Collected data
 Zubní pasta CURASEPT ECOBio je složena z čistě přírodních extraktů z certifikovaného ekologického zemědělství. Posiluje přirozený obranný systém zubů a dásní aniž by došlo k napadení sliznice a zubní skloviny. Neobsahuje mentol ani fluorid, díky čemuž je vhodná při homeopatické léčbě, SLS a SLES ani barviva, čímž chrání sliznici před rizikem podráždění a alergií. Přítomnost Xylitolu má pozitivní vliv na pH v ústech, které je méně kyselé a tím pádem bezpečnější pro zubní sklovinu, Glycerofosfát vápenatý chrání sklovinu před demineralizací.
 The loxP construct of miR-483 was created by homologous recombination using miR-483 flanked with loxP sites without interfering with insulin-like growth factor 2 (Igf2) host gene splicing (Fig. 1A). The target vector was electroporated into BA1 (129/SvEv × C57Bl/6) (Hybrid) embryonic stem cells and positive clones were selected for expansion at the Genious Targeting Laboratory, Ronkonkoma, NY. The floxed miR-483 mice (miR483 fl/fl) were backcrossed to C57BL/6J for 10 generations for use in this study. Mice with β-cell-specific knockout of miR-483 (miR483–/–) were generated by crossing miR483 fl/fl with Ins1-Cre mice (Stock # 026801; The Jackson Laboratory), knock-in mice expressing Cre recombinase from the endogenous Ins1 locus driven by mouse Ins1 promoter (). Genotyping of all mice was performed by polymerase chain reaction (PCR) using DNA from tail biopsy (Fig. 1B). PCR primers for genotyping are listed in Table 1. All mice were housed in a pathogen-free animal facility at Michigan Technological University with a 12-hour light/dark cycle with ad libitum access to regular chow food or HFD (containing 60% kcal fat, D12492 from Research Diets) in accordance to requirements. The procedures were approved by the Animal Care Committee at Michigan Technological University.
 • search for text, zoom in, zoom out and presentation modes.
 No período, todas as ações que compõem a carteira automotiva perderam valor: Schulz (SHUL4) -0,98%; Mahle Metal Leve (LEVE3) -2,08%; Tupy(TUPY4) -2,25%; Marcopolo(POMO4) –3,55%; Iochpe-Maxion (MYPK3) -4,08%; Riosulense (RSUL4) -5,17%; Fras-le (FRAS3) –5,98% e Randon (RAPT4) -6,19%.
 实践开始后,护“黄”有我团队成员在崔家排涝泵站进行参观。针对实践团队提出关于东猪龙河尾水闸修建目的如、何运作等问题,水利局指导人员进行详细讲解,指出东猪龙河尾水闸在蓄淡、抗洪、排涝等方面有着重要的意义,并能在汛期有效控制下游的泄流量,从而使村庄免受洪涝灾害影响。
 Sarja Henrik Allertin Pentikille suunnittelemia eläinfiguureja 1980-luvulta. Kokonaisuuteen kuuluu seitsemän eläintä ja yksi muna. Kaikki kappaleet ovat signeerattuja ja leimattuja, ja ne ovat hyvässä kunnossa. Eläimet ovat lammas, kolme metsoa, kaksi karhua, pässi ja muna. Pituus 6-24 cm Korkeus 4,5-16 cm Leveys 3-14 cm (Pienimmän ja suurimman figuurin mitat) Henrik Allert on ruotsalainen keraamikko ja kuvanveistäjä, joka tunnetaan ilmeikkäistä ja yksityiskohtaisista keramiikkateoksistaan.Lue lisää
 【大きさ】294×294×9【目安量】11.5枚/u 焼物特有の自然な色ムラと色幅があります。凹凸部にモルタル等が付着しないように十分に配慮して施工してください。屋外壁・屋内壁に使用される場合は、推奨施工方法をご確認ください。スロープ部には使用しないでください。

Exercise objective
Would you repeat all of the data above, word for word?

Problem solution
 Zubní pasta CURASEPT ECOBio je složena z čistě přírodních extraktů z certifikovaného ekologického zemědělství. Posiluje přirozený obranný systém zubů a dásní aniž by došlo k napadení sliznice a zubní skloviny. Neobsahuje mentol ani fluorid, díky čemuž je vhodná při homeopatické léčbě, SLS a SLES ani barviva, čímž chrání sliznici před rizikem podráždění a alergií. Přítomnost Xylitolu má pozitivní vliv na pH v ústech, které je méně kyselé a tím pádem bezpečnější pro zubní sklovinu, Glycerofosfát vápenatý chrání sklovinu před demineralizací.
 The loxP construct of miR-483 was created by homologous recombination using miR-483 flanked with loxP sites without interfering with insulin-like growth factor 2 (Igf2) host gene splicing (Fig. 1A). The target vector was electroporated into BA1 (129/SvEv × C57Bl/6) (Hybrid) embryonic stem cells and positive clones were selected for expansion at the Genious Targeting Laboratory, Ronkonkoma, NY. The floxed miR-483 mice (miR483 fl/fl) were backcrossed to C57BL/6J for 10 generations for use in this study. Mice with β-cell-specific knockout of miR-483 (miR483–/–) were generated by crossing miR483 fl/fl with Ins1-Cre mice (Stock # 026801; The Jackson Laboratory), knock-in mice expressing Cre recombinase from the endogenous Ins1 locus driven by mouse Ins1 promoter (). Genotyping of all mice was performed by polymerase chain reaction (PCR) using DNA from tail biopsy (Fig. 1B). PCR primers for genotyping are listed in Table 1. All mice were housed in a pathogen-free animal facility at Michigan Technological University with a 12-hour light/dark cycle with ad libitum access to regular chow food or HFD (containing 60% kcal fat, D12492 from Research Diets) in accordance to requirements. The procedures were approved by the Animal Care Committee at Michigan Technological University.
 • search for text, zoom in, zoom out and presentation modes.
 No período, todas as ações que compõem a carteira automotiva perderam valor: Schulz (SHUL4) -0,98%; Mahle Metal Leve (LEVE3) -2,08%; Tupy(TUPY4) -2,25%; Marcopolo(POMO4) –3,55%; Iochpe-Maxion (MYPK3) -4,08%; Riosulense (RSUL4) -5,17%; Fras-le (FRAS3) –5,98% e Randon (RAPT4) -6,19%.
 实践开始后,护“黄”有我团队成员在崔家排涝泵站进行参观。针对实践团队提出关于东猪龙河尾水闸修建目的如、何运作等问题,水利局指导人员进行详细讲解,指出东猪龙河尾水闸在蓄淡、抗洪、排涝等方面有着重要的意义,并能在汛期有效控制下游的泄流量,从而使村庄免受洪涝灾害影响。
 Sarja Henrik Allertin Pentikille suunnittelemia eläinfiguureja 1980-luvulta. Kokonaisuuteen kuuluu seitsemän eläintä ja yksi muna. Kaikki kappaleet ovat signeerattuja ja leimattuja, ja ne ovat hyvässä kunnossa. Eläimet ovat lammas, kolme metsoa, kaksi karhua, pässi ja muna. Pituus 6-24 cm Korkeus 4,5-16 cm Leveys 3-14 cm (Pienimmän ja suurimman figuurin mitat) Henrik Allert on ruotsalainen keraamikko ja kuvanveistäjä, joka tunnetaan ilmeikkäistä ja yksityiskohtaisista keramiikkateoksistaan.Lue lisää
 【大きさ】294×294×9【目安量】11.5枚/u 焼物特有の自然な色ムラと色幅があります。凹凸部にモルタル等が付着しないように十分に配慮して施工してください。屋外壁・屋内壁に使用される場合は、推奨施工方法をご確認ください。スロープ部には使用しないでください。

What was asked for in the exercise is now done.